CFAA comments on CMHC's full Fall 2015 Rental Market Reports
News Release December 17, 2015
Vacancy rate increases to 3.3%
According to CMHC, the average rental vacancy rate in major centres across Canada increased
from 2.8% in October 2014 to 3.3% in October 2015. Larger increases in the vacancy rate took
place in Alberta and Saskatchewan due to the economic slowdown in those provinces.
In many centres some new purpose-built rental housing has come on stream. The vacancy and
availability figures indicate a good availability of apartments for prospective renters in almost all
centres.
New rental supply in many centres
In a number of centres, new purpose-built rental housing has come on stream between October
2014 and October 2015. For example, in Halifax 1,250 apartment were added to a stock of
44,000. In Ottawa, 800 were added to a stock of 60,000. In Vancouver, 809 were added to a
stock of 109,217. Those additions are generally the smaller part of the increase in the rental
supply, with more units being added among rental condos (known as strata title in BC), or in the
secondary market.
In Edmonton, 2,310 purpose-built rental units were added to the rental supply, increasing that
supply to 70,210. Additional rental units came into the condo rental market and the secondary
market, so that the rental supply in Edmonton as a whole increased by 3,447 units, which is 2.4%
of the total rental supply of 144,235 units.
Condo rentals versus purpose-built rentals
Outside of Atlantic Canada, condos have become a significant source of rental supply. Between
18% and 33% of all condos in each major centre are rented to tenants. The proportions of all
condos rented in major centres in October 2015 are: Ottawa 23%, London 33%, Toronto 30.5%,
Winnipeg 19%, Calgary 31%; Edmonton 33% and Vancouver 27%. However, condos lack some
of the advantages of purpose-built rental housing.

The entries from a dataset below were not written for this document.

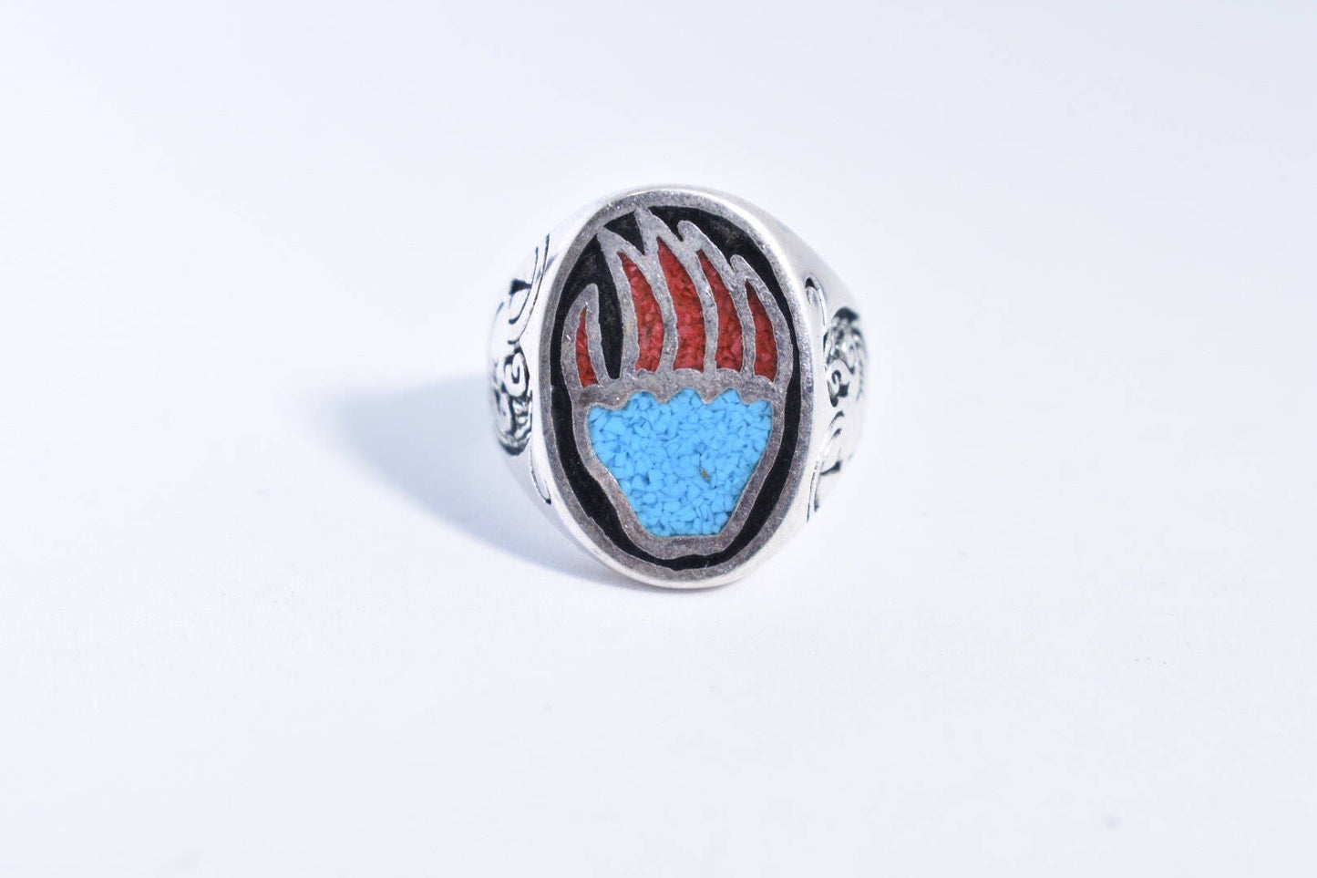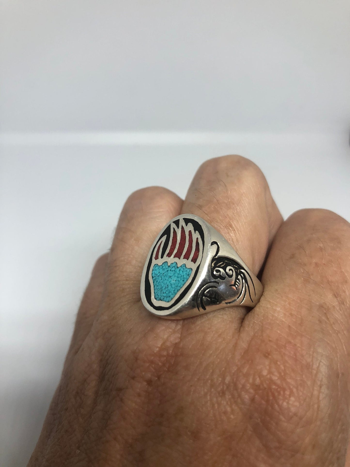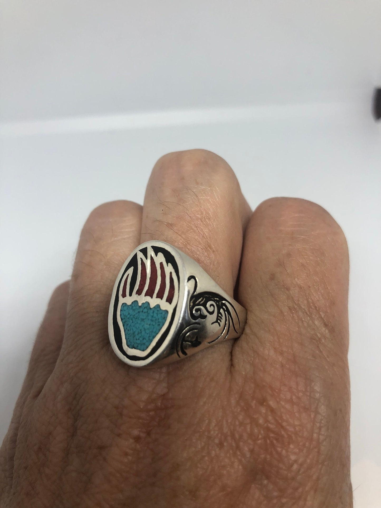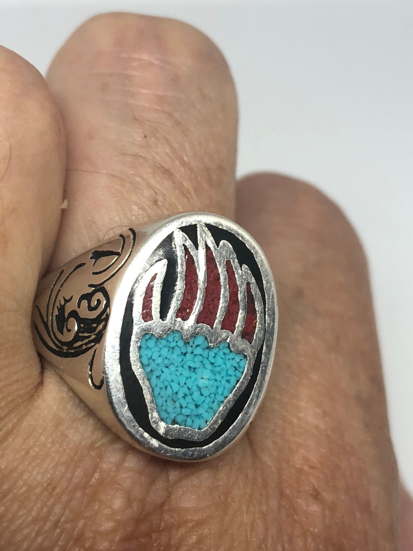 Vintage Native American Southwestern Style Turquoise Stone Inlay Mens Bear Paw Ring
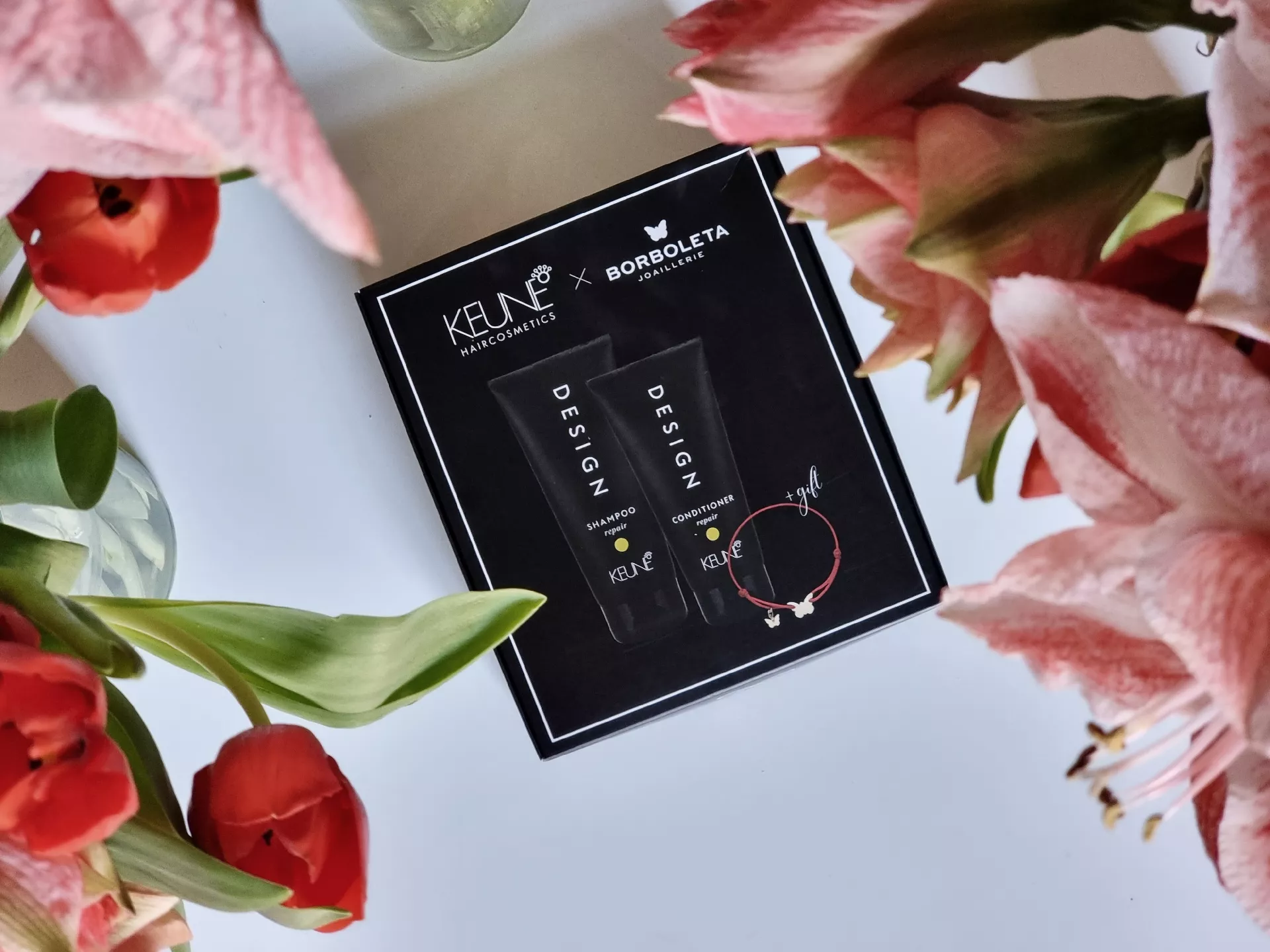 Kutija Keune x Borboleta donosi spoj izvrsne njege kose i besprijekornog stila. U elegantnu su crnu kutiju zapakovani Design by Keune šampon i regenerator, a u svakom se pakovanju nalazi i poklon, među trendsetericama iznimno popularna narukvica brenda Borboleta.
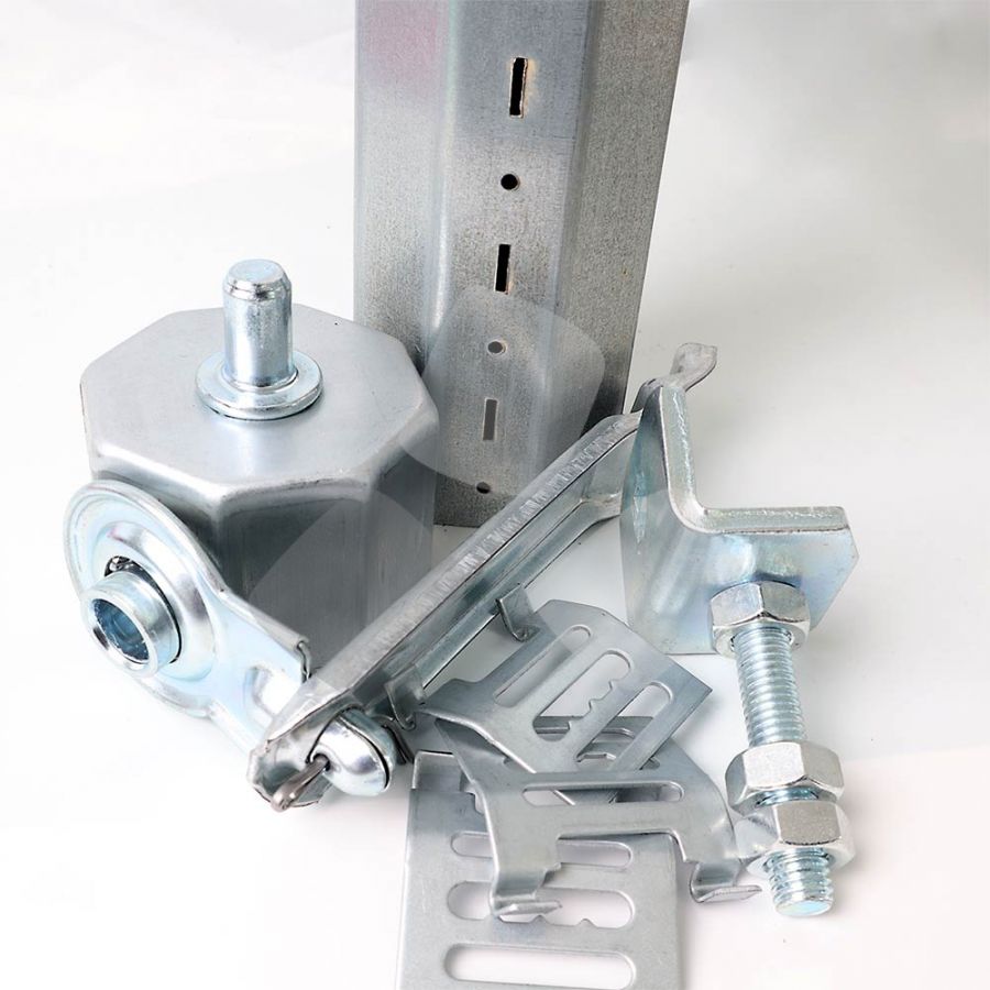 1 rullo zincato tagliato a misura mm.60, 1 calotta zincata per rullo da mm.60, 3 ganci a rullo e 1 supporto zincato da murare.
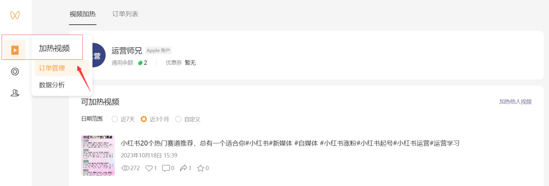 4、选择可加热的视频,点击最右侧的发起加热按钮,进行加热目标设置
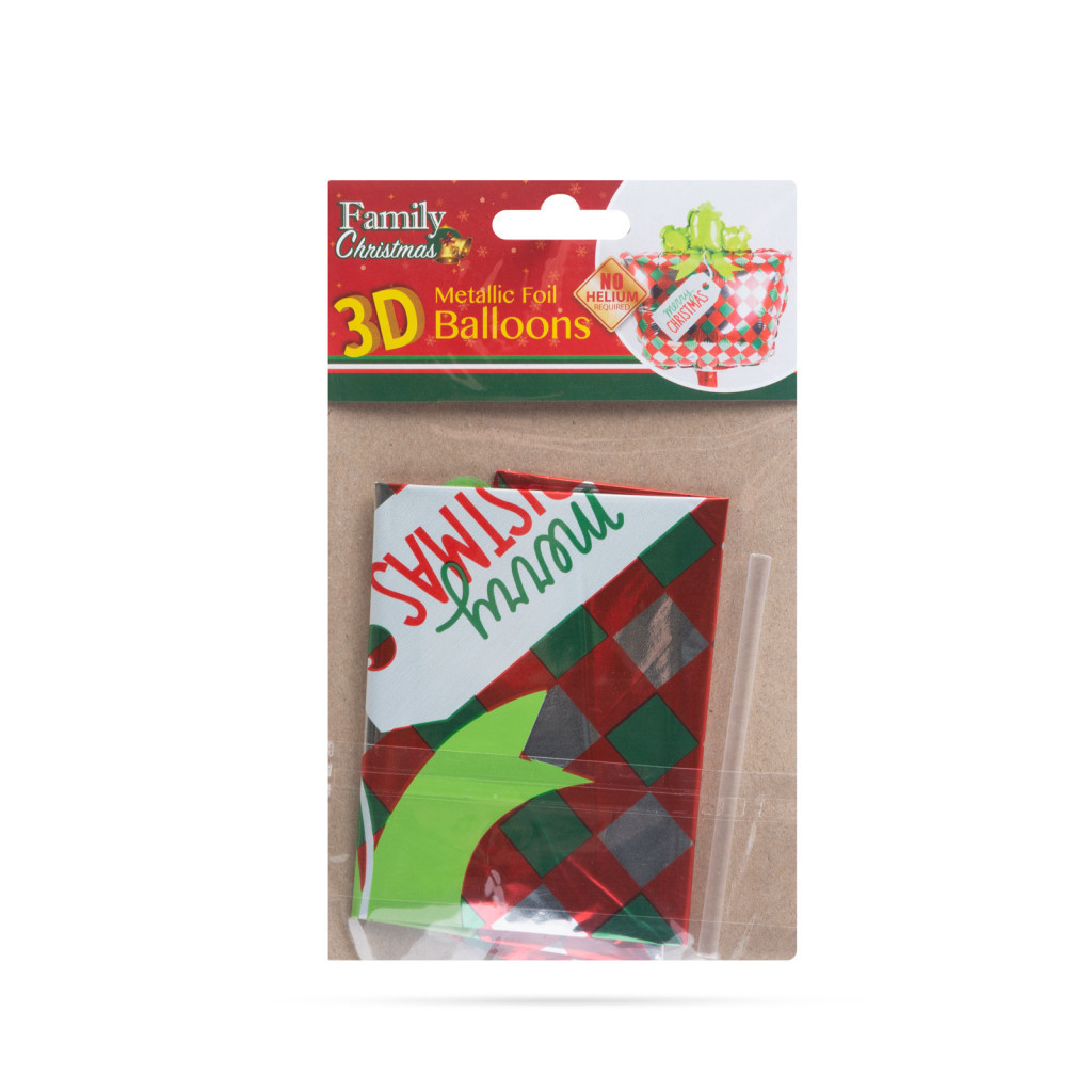 Family Christmas Karácsonyi lufi - ajándék - alumínium - 30 x 18 cm (58270D)

Secondary rental market offers lower rents and growth
Growth is also taking place in the secondary rental market in many cities. In Ottawa, the total
rental supply grew by 3.3%, reflecting mostly an increase in rented houses, doubles, duplexes
and accessory suites.
In most centres the “secondary market” of condos, rented houses, doubles, duplexes and
accessory suites makes up 40% to 50% of the total rental supply. The secondary market
provides a flexible housing supply which is often lower priced than the primary market, as shown
in the table attached.
In October 2015, the average rent for two bedroom apartments in the secondary market in
Vancouver (apart from condos) was $1,131, 17% less than in the primary market.